Records for processing.

- Opening Delimiter -

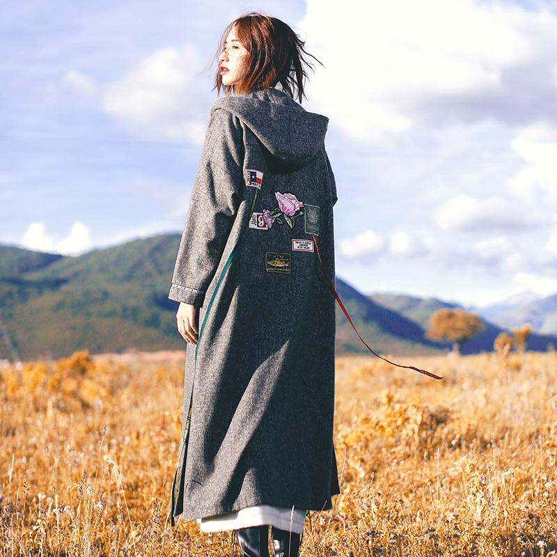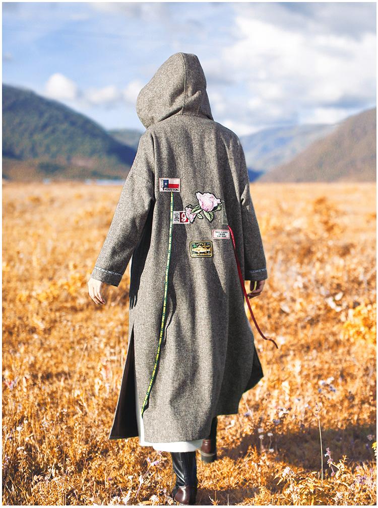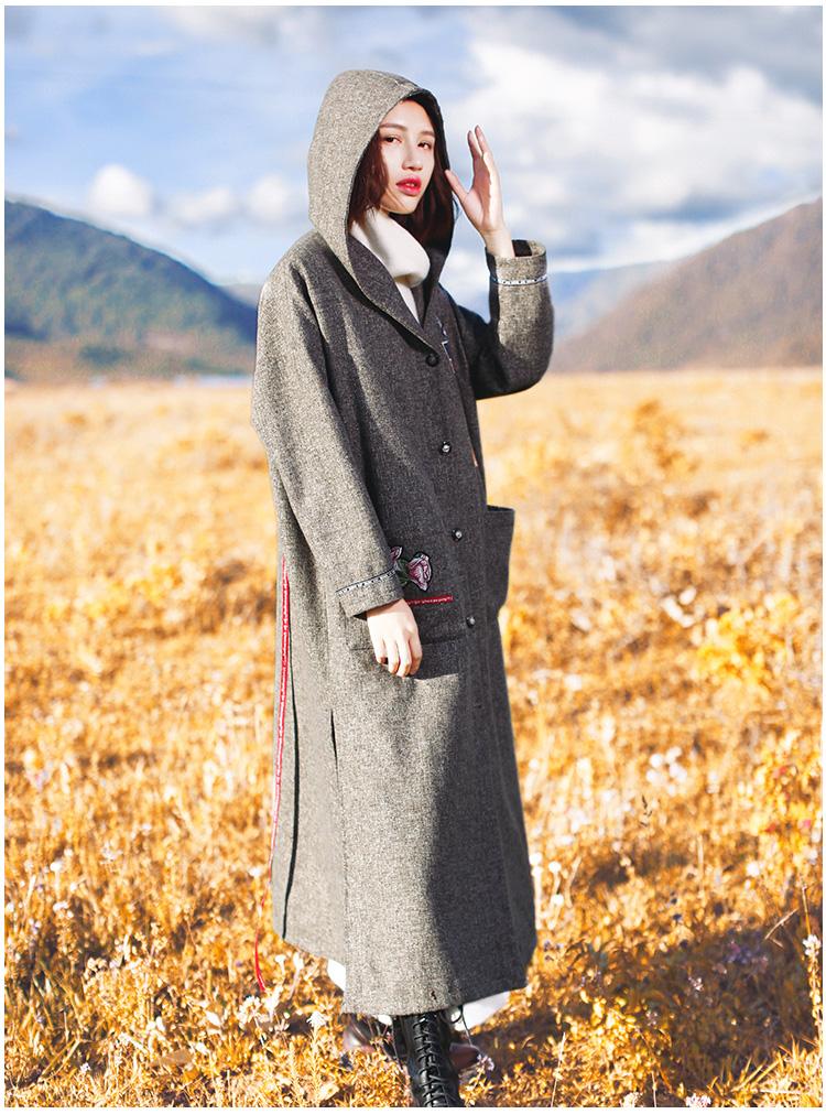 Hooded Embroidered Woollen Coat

- Closing Delimiter -
- Opening Delimiter -

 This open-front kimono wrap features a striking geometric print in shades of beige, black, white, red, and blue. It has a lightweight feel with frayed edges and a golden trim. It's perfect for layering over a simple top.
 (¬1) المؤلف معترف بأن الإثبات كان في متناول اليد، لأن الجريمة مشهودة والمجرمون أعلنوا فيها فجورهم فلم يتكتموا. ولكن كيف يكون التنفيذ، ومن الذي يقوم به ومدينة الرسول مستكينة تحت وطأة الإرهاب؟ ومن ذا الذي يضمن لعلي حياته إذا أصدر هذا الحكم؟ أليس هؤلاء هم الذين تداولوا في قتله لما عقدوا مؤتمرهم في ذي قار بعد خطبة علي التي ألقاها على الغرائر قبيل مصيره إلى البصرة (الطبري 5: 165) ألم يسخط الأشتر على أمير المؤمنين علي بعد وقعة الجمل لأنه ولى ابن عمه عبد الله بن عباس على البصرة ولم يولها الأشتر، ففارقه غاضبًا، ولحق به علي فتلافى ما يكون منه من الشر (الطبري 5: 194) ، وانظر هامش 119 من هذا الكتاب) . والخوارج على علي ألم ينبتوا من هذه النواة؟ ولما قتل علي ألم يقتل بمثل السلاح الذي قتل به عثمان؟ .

- Closing Delimiter -
- Opening Delimiter -

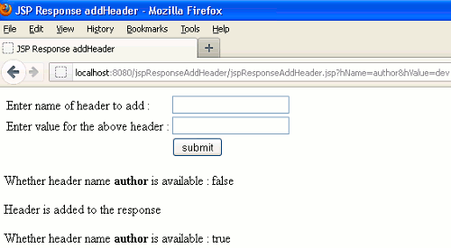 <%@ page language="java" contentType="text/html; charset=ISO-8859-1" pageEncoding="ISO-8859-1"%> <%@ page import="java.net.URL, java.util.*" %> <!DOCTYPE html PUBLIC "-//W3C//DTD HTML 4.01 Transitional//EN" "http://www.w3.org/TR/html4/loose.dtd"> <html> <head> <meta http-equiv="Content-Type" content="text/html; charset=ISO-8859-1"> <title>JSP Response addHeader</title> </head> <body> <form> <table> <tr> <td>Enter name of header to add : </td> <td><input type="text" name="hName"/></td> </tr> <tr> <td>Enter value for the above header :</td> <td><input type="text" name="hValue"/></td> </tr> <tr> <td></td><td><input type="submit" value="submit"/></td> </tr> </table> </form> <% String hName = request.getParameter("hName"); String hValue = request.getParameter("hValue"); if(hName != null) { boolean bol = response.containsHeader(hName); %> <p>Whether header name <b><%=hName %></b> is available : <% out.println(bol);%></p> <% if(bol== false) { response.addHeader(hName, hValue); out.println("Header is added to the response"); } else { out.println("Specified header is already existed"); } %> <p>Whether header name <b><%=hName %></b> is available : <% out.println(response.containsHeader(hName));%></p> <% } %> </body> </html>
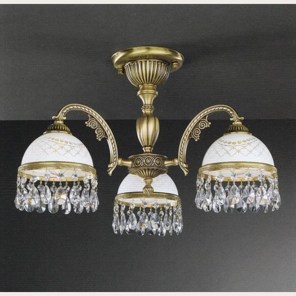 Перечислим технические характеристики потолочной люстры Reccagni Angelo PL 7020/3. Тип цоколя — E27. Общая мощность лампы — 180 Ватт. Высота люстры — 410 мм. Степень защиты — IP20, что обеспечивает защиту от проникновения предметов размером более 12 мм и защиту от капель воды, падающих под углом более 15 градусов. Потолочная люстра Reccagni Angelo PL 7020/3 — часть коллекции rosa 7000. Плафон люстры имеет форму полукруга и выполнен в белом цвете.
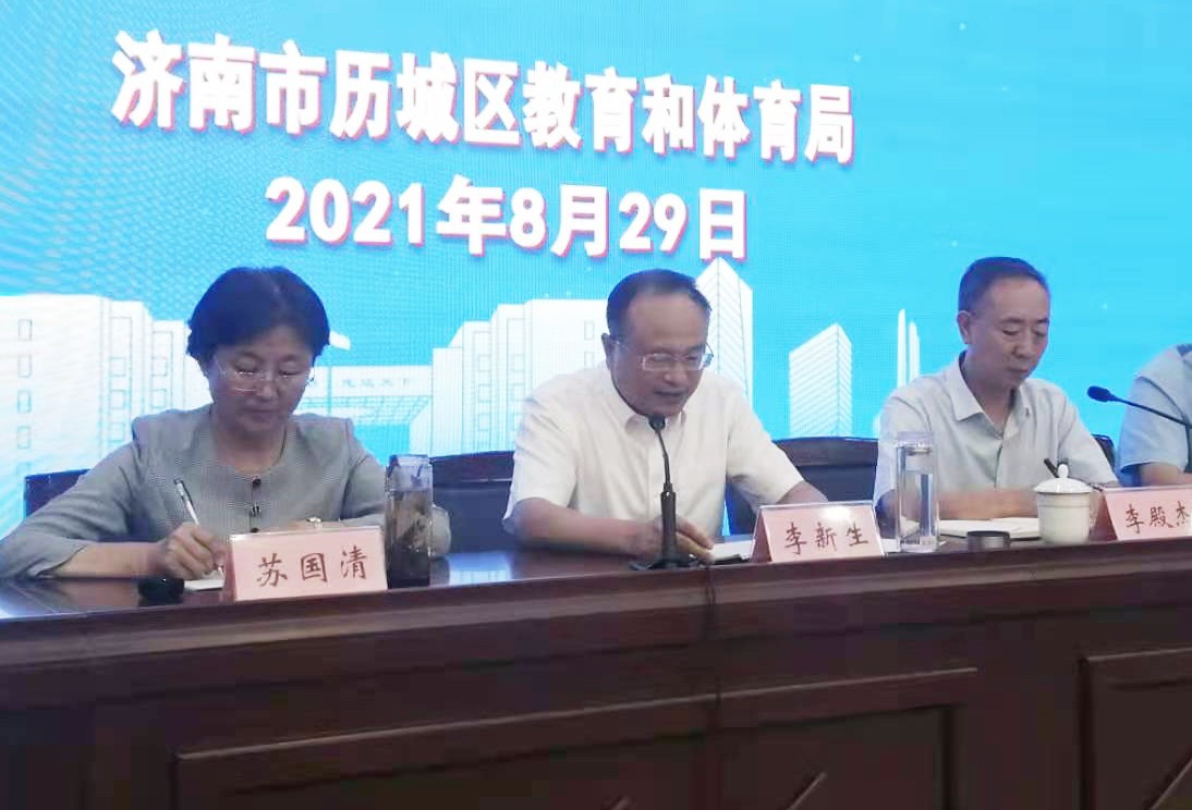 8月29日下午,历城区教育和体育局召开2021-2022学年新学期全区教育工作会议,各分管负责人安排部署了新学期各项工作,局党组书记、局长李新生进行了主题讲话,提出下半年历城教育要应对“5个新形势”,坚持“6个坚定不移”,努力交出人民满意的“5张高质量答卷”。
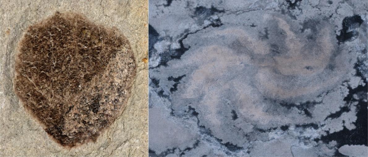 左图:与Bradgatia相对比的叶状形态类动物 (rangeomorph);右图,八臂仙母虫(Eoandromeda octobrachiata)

- Closing Delimiter -

Work to be completed.
A word-for-word copy of the lines above from the one with "This open-front kimono" through the one with "(¬1) المؤلف معترف", inclusive, is the only output wanted.

Solved exercise.
 This open-front kimono wrap features a striking geometric print in shades of beige, black, white, red, and blue. It has a lightweight feel with frayed edges and a golden trim. It's perfect for layering over a simple top.
 (¬1) المؤلف معترف بأن الإثبات كان في متناول اليد، لأن الجريمة مشهودة والمجرمون أعلنوا فيها فجورهم فلم يتكتموا. ولكن كيف يكون التنفيذ، ومن الذي يقوم به ومدينة الرسول مستكينة تحت وطأة الإرهاب؟ ومن ذا الذي يضمن لعلي حياته إذا أصدر هذا الحكم؟ أليس هؤلاء هم الذين تداولوا في قتله لما عقدوا مؤتمرهم في ذي قار بعد خطبة علي التي ألقاها على الغرائر قبيل مصيره إلى البصرة (الطبري 5: 165) ألم يسخط الأشتر على أمير المؤمنين علي بعد وقعة الجمل لأنه ولى ابن عمه عبد الله بن عباس على البصرة ولم يولها الأشتر، ففارقه غاضبًا، ولحق به علي فتلافى ما يكون منه من الشر (الطبري 5: 194) ، وانظر هامش 119 من هذا الكتاب) . والخوارج على علي ألم ينبتوا من هذه النواة؟ ولما قتل علي ألم يقتل بمثل السلاح الذي قتل به عثمان؟ .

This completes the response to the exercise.